Tuesday, December 20, 2011

Kid-Food Nostalgia

In the midst of my cookie-making (7 down!), I decided to make my friend's Christmas gift. I find that food is often the bet gift to give. It's perfect: immediate gratification, some minimal labor, and cheap (well, it is when you use your parents' kitchen).

My friend had started drooling over a pumpkin pop-tart recipe a few months ago and I figured I'd give her the real thing so that she could drool properly while in pumpkin heaven. Plus, I had been meaning to make some homemade pop tarts. I love remaking childhood favorites (I've done thin mints and samoas also).

And these did not disappoint! Super delicious all around. The dough was light and flaky and the center tasted just like the filling of a pumpkin pie. I'll definitely be trying these again with different fillings. Plus, my friend loved them. She said "I really wish that I could just have one of these every morning for the rest of my life. I wish they came in boxes so I could buy an endless stock and never run out. YUMMMMMMMMMY." So, I'll consider it a success.

(I forgot to photograph the pop tarts after being iced, which was stupid.

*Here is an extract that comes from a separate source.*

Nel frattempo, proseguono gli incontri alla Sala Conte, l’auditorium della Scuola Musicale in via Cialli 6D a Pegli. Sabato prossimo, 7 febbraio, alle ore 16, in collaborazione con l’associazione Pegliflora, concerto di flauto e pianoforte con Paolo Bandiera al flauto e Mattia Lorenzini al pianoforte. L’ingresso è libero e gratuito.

They look even prettier with icing running of the sides--especially when they cover up the mistakes I made while making the tarts.)

Definitely try them out!

Dough recipe courtesy of smittenkitchen.com
Filling and glaze recipe courtesy of pink-parsley.com

Pumpkin Pie Pop Tarts with Maple Glaze

For the Crust:

2 cups all-purpose flour
1 Tbs granulated sugar
1 tsp salt
1 cup (2 sticks) unsalted butter, cold, cut into cubes
1 large egg
2 Tbs milk
1 large egg (for brushing the dough)

For the Filling:

3/4 cup pureed pumpkin
1 large egg
1/8 tsp ground cloves
1/4 tsp ground ginger
1/2 tsp cinnamon
1/4 tsp ground nutmeg
1/4 tsp salt
1/3 cup granulated sugar

For the Maple Glaze:

1 cup powdered sugar
3 tsp maple syrup
2 Tbs milk

You can make the dough by hand or in a food processor. I did it with a pastry cutter by hand. Just whisk together the flour, sugar, and salt. Next cut in the cold butter until it is fully distributed and there are still pea-sized pieces of butter visible. Whisk together the milk and egg and mix into the flour mixture until it forms a dough. You can knead it on a floured surface if necessary. If using a food processor, pulse the flour, sugar, and salt until combined. Add cubed butter and pulse until butter is pea-sized. Then remove the dough to add in the egg and milk.

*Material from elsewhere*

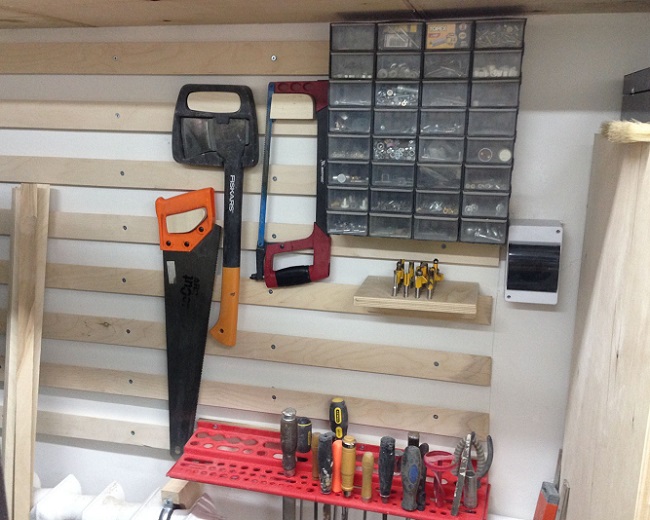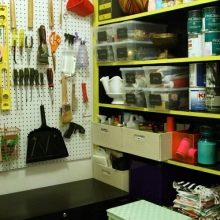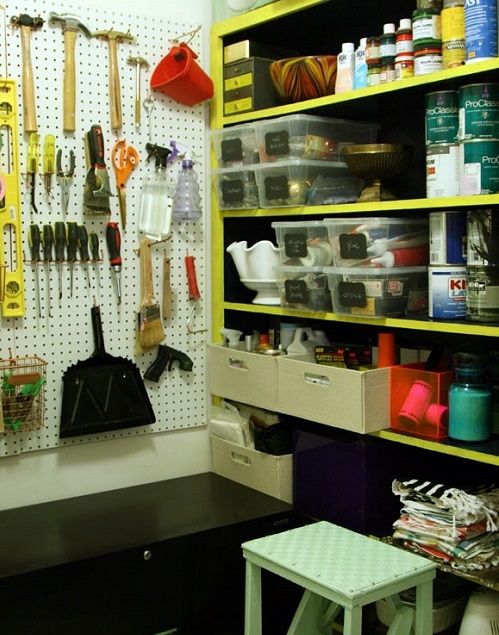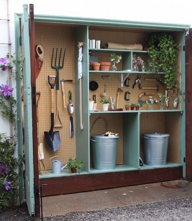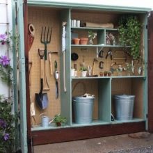 - Wenn dies ein Lager für Gartengeräte oder Werkzeuge ist, können Sie einfach die Wände streichen sowie Regale und Schränke zur Aufbewahrung kleiner Werkzeuge aufstellen.

Divide the dough in half (approximately 8 1/4 ounces each), shape each half into a smooth rectangle, about 3×5 inches. You can roll this out immediately (see Warm Kitchen note below) or wrap each half in plastic and refrigerate for up to 2 days.

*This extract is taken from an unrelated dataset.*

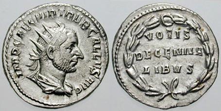 Anverso: IMP C C VIB TREB GALLVS AVG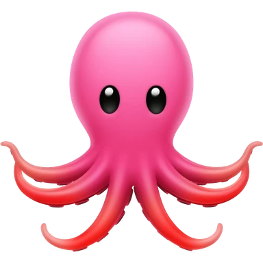 Un pulpo caricaturesco de frente, con cabeza grande y redonda rosada, dos ojos negros con brillo blanco, sin boca visible, parte inferior rojo-rosada y tentáculos curvados abiertos hacia los lados. 🐙 emoji

In a medium bowl, stir together the pumpkin puree and spices. Whisk in egg, salt and sugar and place in the fridge to rest while you roll out the dough.

On a well floured work surface, press dough into a 3×5-inch rectangle, roll the dough out to about 1/8-inch thickness. The dough should be slightly larger than 9×12-inches. Trim dough with a pizza cutter, creating a perfect rectangle that is 9-inches tall and 12-inches long. Using the pizza cutter, cut each side into thirds, creating 9 squares. Place dough squares in the fridge while you roll out the second piece of dough in the same way.

Brush one set of 9 squares with beaten egg. This will act as the glue for the top layer of dough. Spoon about one tablespoon of pie filling into the center of each brushed dough square. Top with a second piece of dough and use a floured fork to crimp the sides closed. Use the fork to punch holes in the top of the pop tarts so that they release steam and don't puff up.

Position a rack in the upper third of the oven and preheat to 350 degrees F. Let tarts rest in the fridge for at least 30 minutes while the oven preheats.

Remove tarts from the fridge and place in the oven to bake for 25 to 30 minutes, or until golden brown on top.

While the tarts bake, whisk together ingredients for the glaze and set aside.

Let baked tarts rest on a cooling rack to cool completely before glazing. Best served within 2 days.